SOURCE MATERIAL START

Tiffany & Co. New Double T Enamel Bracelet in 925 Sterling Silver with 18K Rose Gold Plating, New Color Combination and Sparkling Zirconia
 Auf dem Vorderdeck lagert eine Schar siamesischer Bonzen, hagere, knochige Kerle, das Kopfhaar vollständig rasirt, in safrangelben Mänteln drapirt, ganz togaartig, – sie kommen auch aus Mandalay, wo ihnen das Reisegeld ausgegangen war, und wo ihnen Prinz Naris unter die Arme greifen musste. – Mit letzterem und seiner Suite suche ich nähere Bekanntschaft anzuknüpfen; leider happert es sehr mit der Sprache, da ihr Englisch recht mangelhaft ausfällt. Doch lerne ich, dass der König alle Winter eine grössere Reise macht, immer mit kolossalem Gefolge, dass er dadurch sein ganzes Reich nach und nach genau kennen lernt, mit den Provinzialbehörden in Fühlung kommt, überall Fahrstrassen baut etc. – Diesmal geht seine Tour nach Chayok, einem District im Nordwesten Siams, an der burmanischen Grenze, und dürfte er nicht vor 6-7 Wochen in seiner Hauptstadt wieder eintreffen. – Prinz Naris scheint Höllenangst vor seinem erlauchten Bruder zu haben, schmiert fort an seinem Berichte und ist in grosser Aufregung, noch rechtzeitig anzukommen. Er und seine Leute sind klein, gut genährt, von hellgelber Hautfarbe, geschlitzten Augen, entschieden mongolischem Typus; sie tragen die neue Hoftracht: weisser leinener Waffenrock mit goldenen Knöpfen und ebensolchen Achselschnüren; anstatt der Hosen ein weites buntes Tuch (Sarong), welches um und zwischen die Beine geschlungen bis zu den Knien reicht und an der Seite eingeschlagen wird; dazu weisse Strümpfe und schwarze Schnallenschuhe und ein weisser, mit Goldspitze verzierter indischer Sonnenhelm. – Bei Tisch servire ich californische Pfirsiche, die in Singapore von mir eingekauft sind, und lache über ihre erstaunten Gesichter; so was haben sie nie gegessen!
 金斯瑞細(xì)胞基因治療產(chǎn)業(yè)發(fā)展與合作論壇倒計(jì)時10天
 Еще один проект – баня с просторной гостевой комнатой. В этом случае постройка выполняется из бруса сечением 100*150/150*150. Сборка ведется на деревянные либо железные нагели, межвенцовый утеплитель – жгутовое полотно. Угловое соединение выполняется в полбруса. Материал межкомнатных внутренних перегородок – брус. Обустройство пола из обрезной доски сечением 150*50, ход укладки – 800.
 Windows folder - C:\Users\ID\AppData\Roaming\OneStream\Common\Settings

SOURCE MATERIAL END
SOURCE MATERIAL START

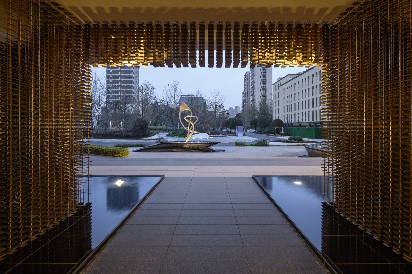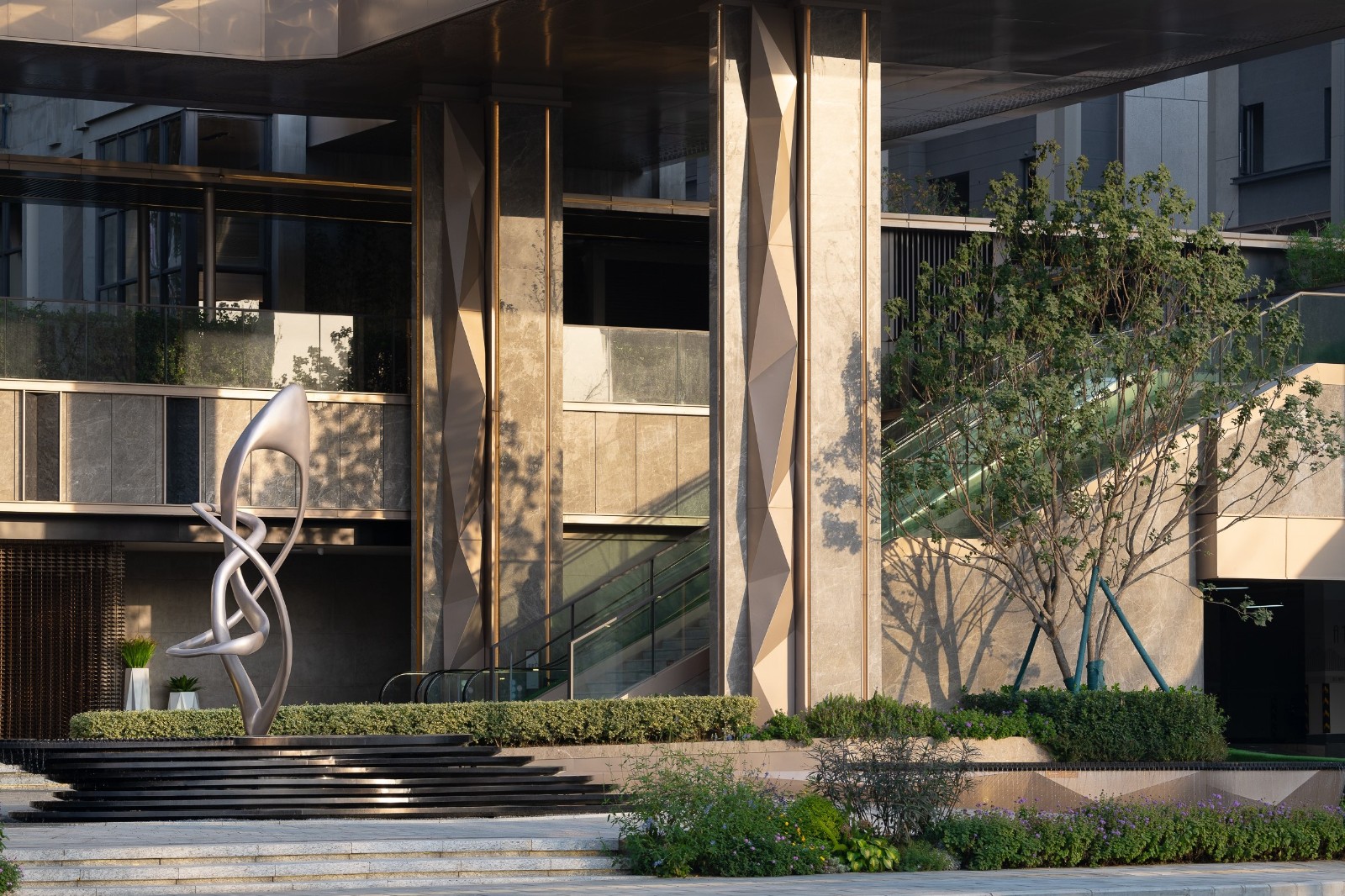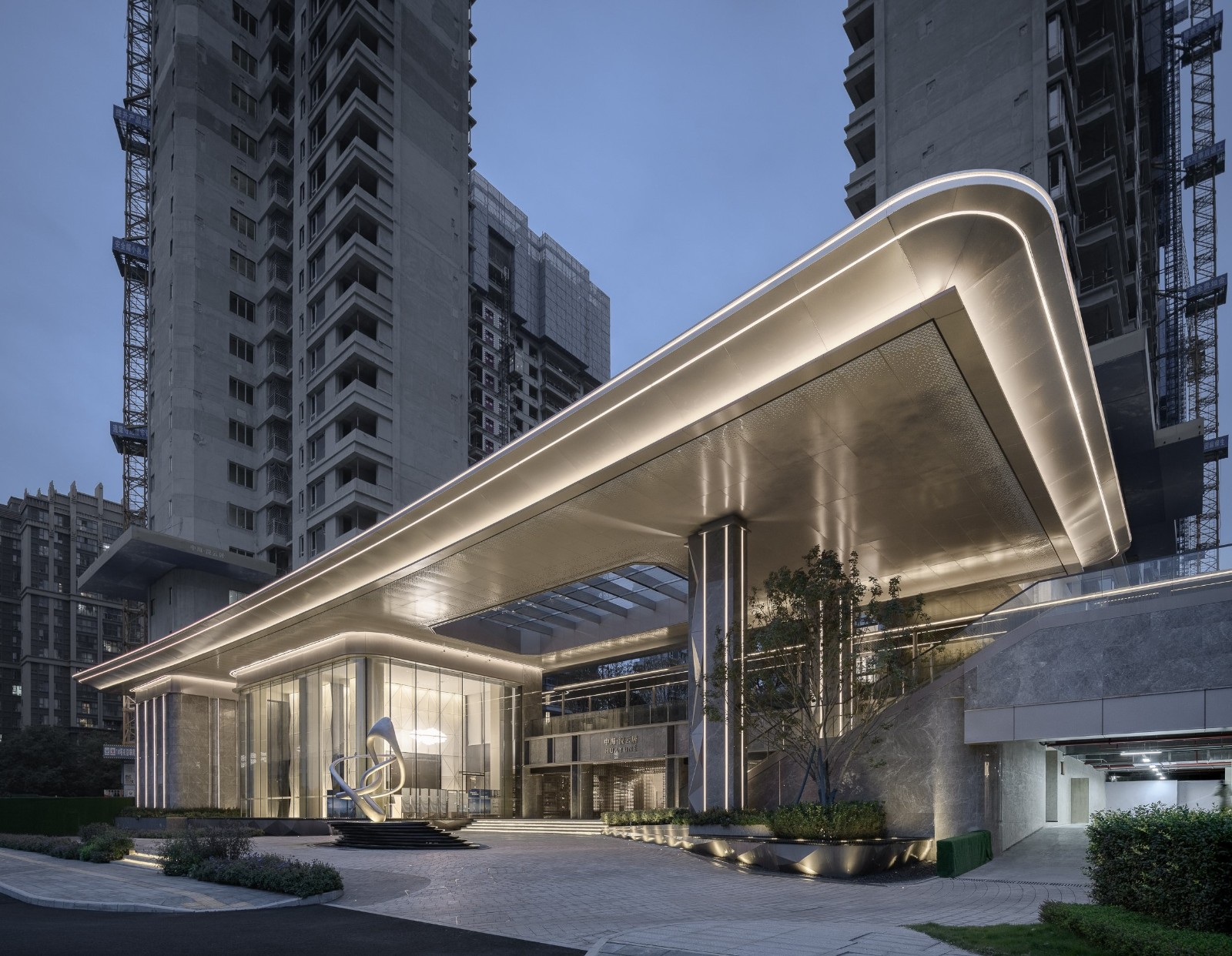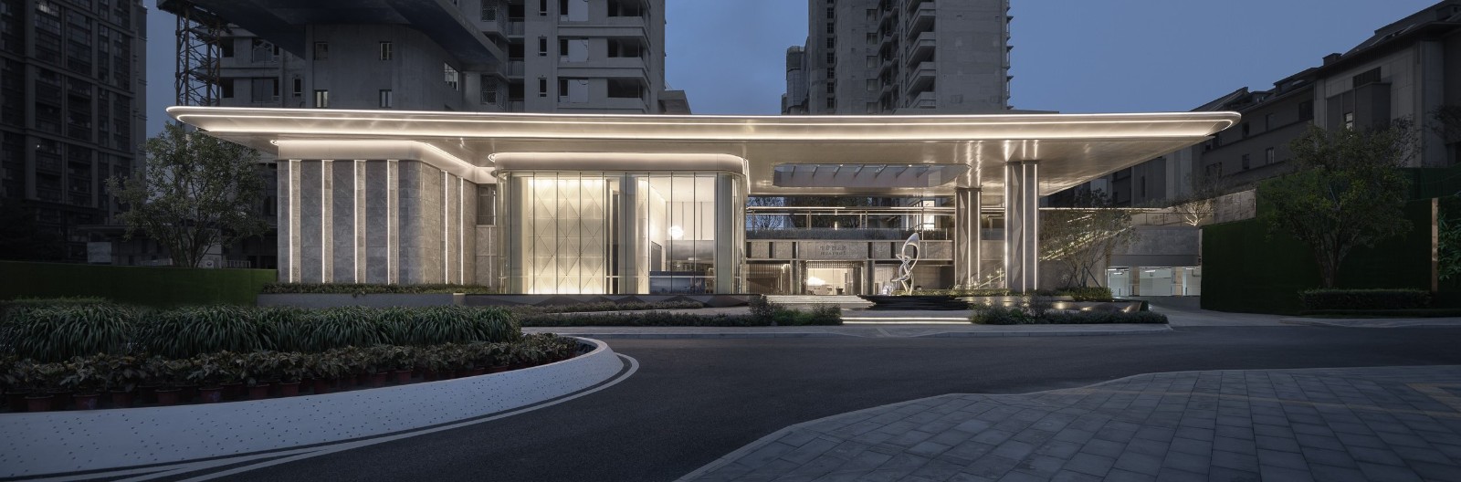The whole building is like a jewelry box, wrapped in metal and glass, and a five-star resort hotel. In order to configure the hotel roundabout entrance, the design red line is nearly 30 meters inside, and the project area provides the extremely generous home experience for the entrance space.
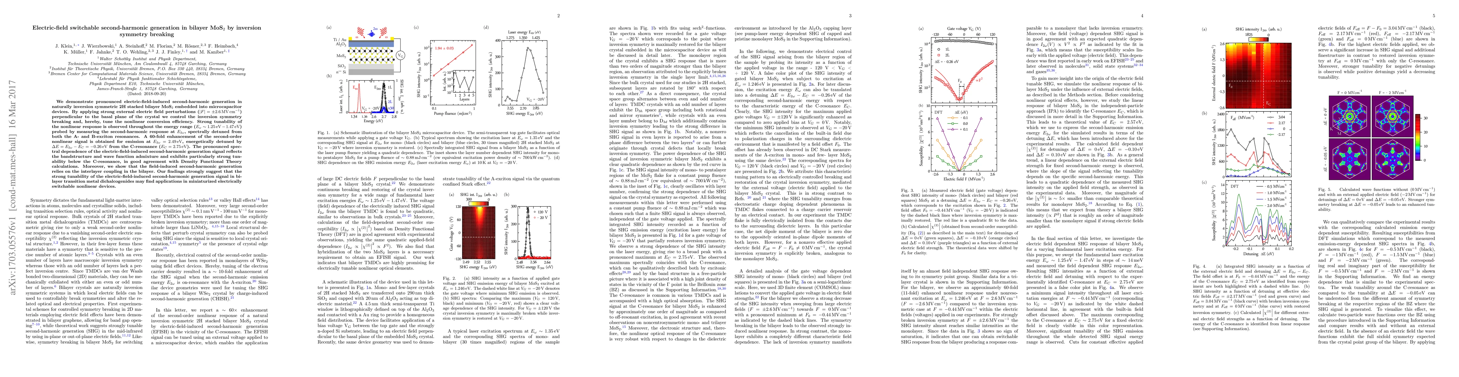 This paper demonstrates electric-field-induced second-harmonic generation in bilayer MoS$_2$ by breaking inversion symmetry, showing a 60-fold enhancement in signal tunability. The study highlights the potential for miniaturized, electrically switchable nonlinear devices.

SOURCE MATERIAL END
SOURCE MATERIAL START

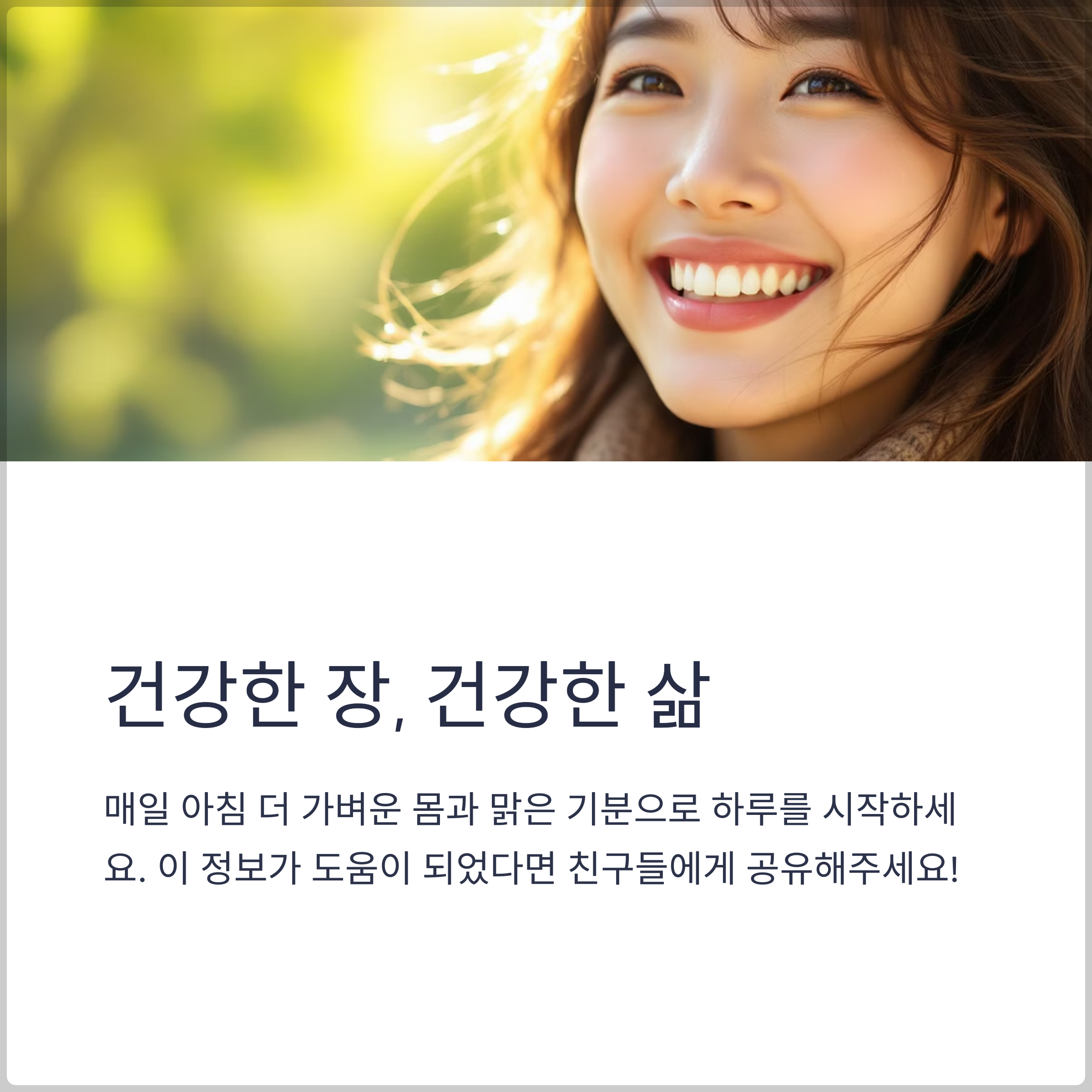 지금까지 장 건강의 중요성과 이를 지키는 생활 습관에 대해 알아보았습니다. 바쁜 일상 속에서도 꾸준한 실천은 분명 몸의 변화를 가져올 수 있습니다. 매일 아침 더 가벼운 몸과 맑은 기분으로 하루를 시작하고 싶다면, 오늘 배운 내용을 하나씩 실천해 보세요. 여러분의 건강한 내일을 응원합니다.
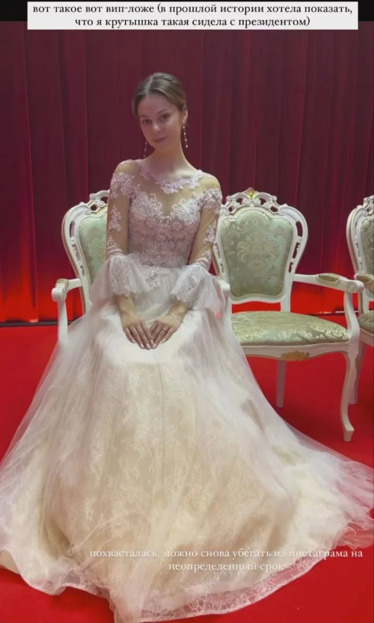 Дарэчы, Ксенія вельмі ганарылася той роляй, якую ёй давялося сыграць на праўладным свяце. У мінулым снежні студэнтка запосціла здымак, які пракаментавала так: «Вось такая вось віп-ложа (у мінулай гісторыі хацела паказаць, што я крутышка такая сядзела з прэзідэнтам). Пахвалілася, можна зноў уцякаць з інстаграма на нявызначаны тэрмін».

SOURCE MATERIAL END

- EXERCISE OBJECTIVE: Of all the material above, only the lines from the one that has "지금까지 장 건강의 중요성과" down to the one that has "Дарэчы, Ксенія вельмі" are to be written out, exactly and with both ends included. Pictures are skipped.

- EXERCISE RESULT:
 지금까지 장 건강의 중요성과 이를 지키는 생활 습관에 대해 알아보았습니다. 바쁜 일상 속에서도 꾸준한 실천은 분명 몸의 변화를 가져올 수 있습니다. 매일 아침 더 가벼운 몸과 맑은 기분으로 하루를 시작하고 싶다면, 오늘 배운 내용을 하나씩 실천해 보세요. 여러분의 건강한 내일을 응원합니다.
 Дарэчы, Ксенія вельмі ганарылася той роляй, якую ёй давялося сыграць на праўладным свяце. У мінулым снежні студэнтка запосціла здымак, які пракаментавала так: «Вось такая вось віп-ложа (у мінулай гісторыі хацела паказаць, што я крутышка такая сядзела з прэзідэнтам). Пахвалілася, можна зноў уцякаць з інстаграма на нявызначаны тэрмін».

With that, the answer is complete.